Identification of key DEIRGs
We screened out key DEIRGs through matching these key DEGs screened out by LASSO with 1788 immune-related genes (IRGs) with known effects on driving immune and inflammatory responses in the ImmPort database [12].
Analysis of diagnostic efficacy of DEIRGs
The receiver operating characteristic (ROC) curves of identified DEIRGs were created using the “pROC” R package (https://www.bioconductor.org/packages/release/bioc/html/pROC.html), and the area under the ROC curve (AUC) was calculated to assess the diagnostic value for AF of each DEIRG.
Statistical analysis
R software version 4.1.3 (The R Foundation, Vienna, Austria) was used for all bioinformatics analyses, and a two-tailed P-value < 0.05 was considered statistically significant.
Results
Identification of DEGs
For visualizing the differences in gene expression profiles between persistent AF patients and healthy controls, we constructed a heat map of all 103 DEGs, in which the color of each DEG varies from blue to red depending on its expression levels in different samples (green color for lower expression in AF patients, and red color for higher expression in AF patients) (Fig. 1A), and a volcano plot presenting all DEGs as separate nodes, in which green nodes represented downregulated genes in AF group, red nodes represented upregulated genes in AF group, and the other nodes representing genes with no significant difference in expression levels between two groups were colored black (Fig. 1B).

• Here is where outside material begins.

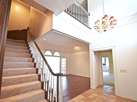 This Stylish Property is Nestled on an over-sized lot on hole #4 of Crimson Creek Golf Course. Upon Entry, You will be greeted by beautiful tile floors and hard wood flooring. This 4 bedroom,4.5 bath estate comes complete with formal dining and living room. The welcoming kitchen is open to the breakfast area and spacious family room with large windows. The upstairs game room and media area are perfect for entertaining or enjoying time with family. Home Features include Plantation Shutters, Gorgeous White Wood works, Crown Molding, Very Neutral Color Palette, Storage Galore! The backyard is the perfect getaway featuring hot tub & pool area. The 3 car garage + porte-cochere, direct access to the golf course, a spacious storm shelter, and bath are perfectly located in the over size garage. Home is conveniently located minutes from downtown OKC with out the increase in price!! This dream home is an absolute must see!!

Fig. 1104 DEGs identified in persistent AF. (A) Heatmap used to visualize the 104 DEGs; (B) Volcano plot used to visualize the 104 DEGs. AF: atrial fibrillation; SR: Sinus rhythm; DEGs: differentially expressed genes
Functional enrichment analyses of DEGs
The biological functions of DEGs were inferred via GO analysis, which focuses on three main aspects, including biological process (BP), cellular component (CC), and molecular function (MF). As shown in Fig. 2A, DEGs was predominantly enriched in BP such as neutrophil activation involved in superoxide anion generation, neutrophil activation involved in immune response, and regulation of myeloid leukocyte mediated immunity, and etc. CC linked with DEGs primarily included phagocytic vesicle, NADPH oxidase complex, and secretory granule membrane, and etc. While major MF linked with DEGs were IgG binding, superoxide − generating NAD(P)H oxidase activity, and oxidoreductase activity, acting on NAD(P)H, oxygen as acceptor, and etc. KEGG analysis revealed that a total of 10 signaling pathways were significantly enriched, including pathways related to Leishmaniasis, Leukocyte transendothelial migration, and Osteoclast differentiation, and etc. (Fig. 2B).

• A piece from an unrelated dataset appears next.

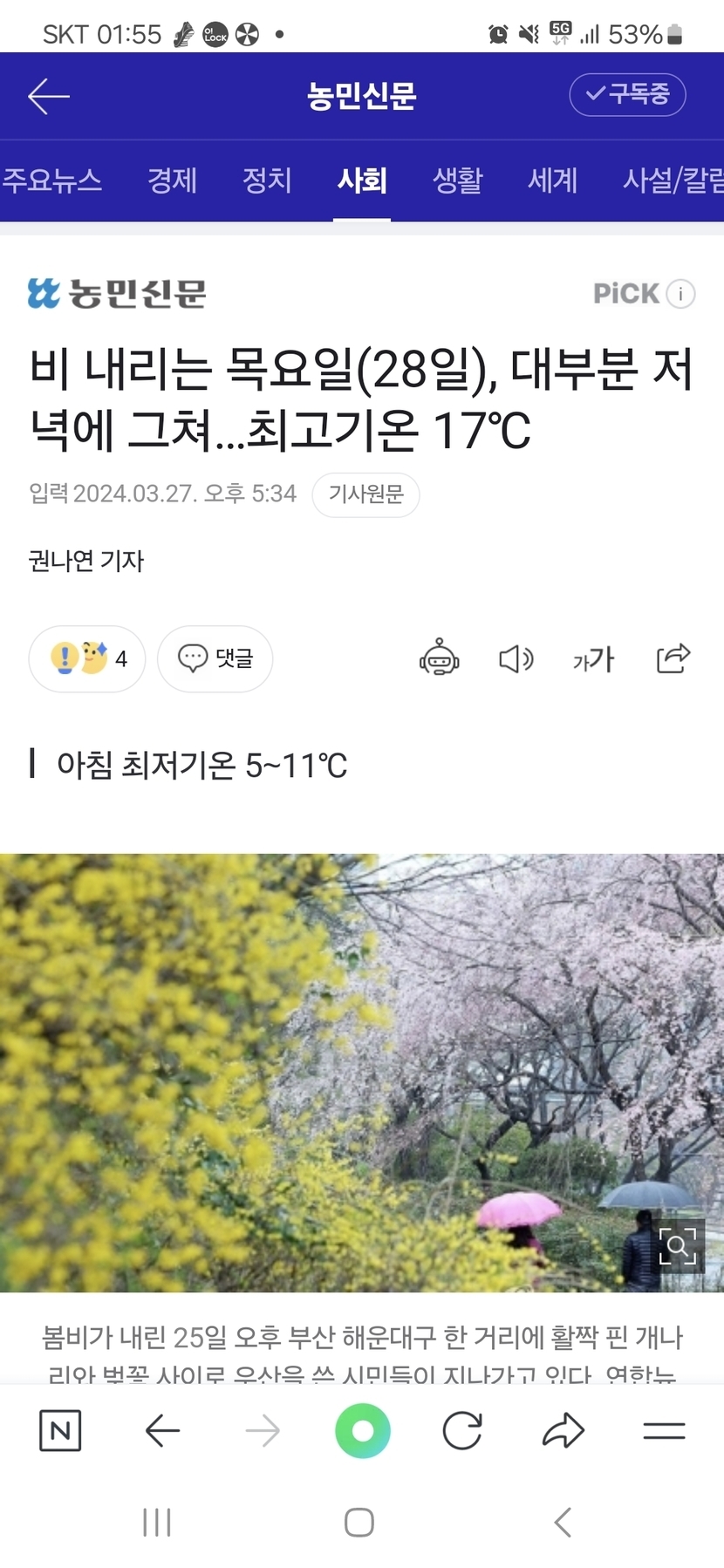 비 내리는 목요일(28일), 대부분 저녁에 그쳐…최고기온 17℃

Fig. 2. Functional enrichment analysis. (A) GO enrichment analysis of DEGs in persistent AF; (B) KEGG enrichment analysis of DEGs in persistent AF. AF: atrial fibrillation; BP, biological processes; CC: cell component; MF: Molecular function; DEGs: differentially expressed genes
Identification of key DEIRGs
Based on LASSO regression algorithm, we extracted 15 DEGs with the strongest relations with persistent AF as key feature genes (Fig. 3A). By matching these DEGs with 1788 IRGs known to have a role in immune and inflammatory response according to the ImmPort database, CYBB, RORB, S100A12, and CHGB were further selected as key DEIRGs for persistent AF (Fig. 3B). Among them, the expression levels of CYBB, CHGB, and S100A12 in atrial tissues of persistent AF patients was significantly downregulated, while that of RORB was remarkably upregulated (Fig. 4).
Fig. 3. Screening key DEIRGs in persistent AF by LASSO. (A) Screening key DEGs in persistent AF by LASSO; (B) Venn plot by intersecting key DEGs screened by LASSO and IRGs in ImmPort database. AF: atrial fibrillation; IRGs: Immune-related genes; LASSO: Least absolute shrinkage and selection operator
Fig. 4. Expression of key DEIRGs among individuals with SR and AF. AF: atrial fibrillation; SR: Sinus rhythm; IRGs: Immune-related genes
Diagnostic efficacy of key DEIRGs
To test whether key DEIRGs can serve as candidate biomarkers for AF, we generated the ROC curves and assessed the diagnostic effectiveness of each DEIRG for distinguishing AF from normal samples (Fig. 5A-D). The AUC of CYBB, RORB, CHGB, and S100A12 were 0.829 (95% CI: 0.714–0.930), 0.842 (95% CI: 0.739–0.929), 0.803 (95% CI: 0.693–0.903), and 0.714 (95% CI: 0.575–0.838), respectively, which implied that all these identified DEIRGs had considerable diagnostic efficiency for persistent AF.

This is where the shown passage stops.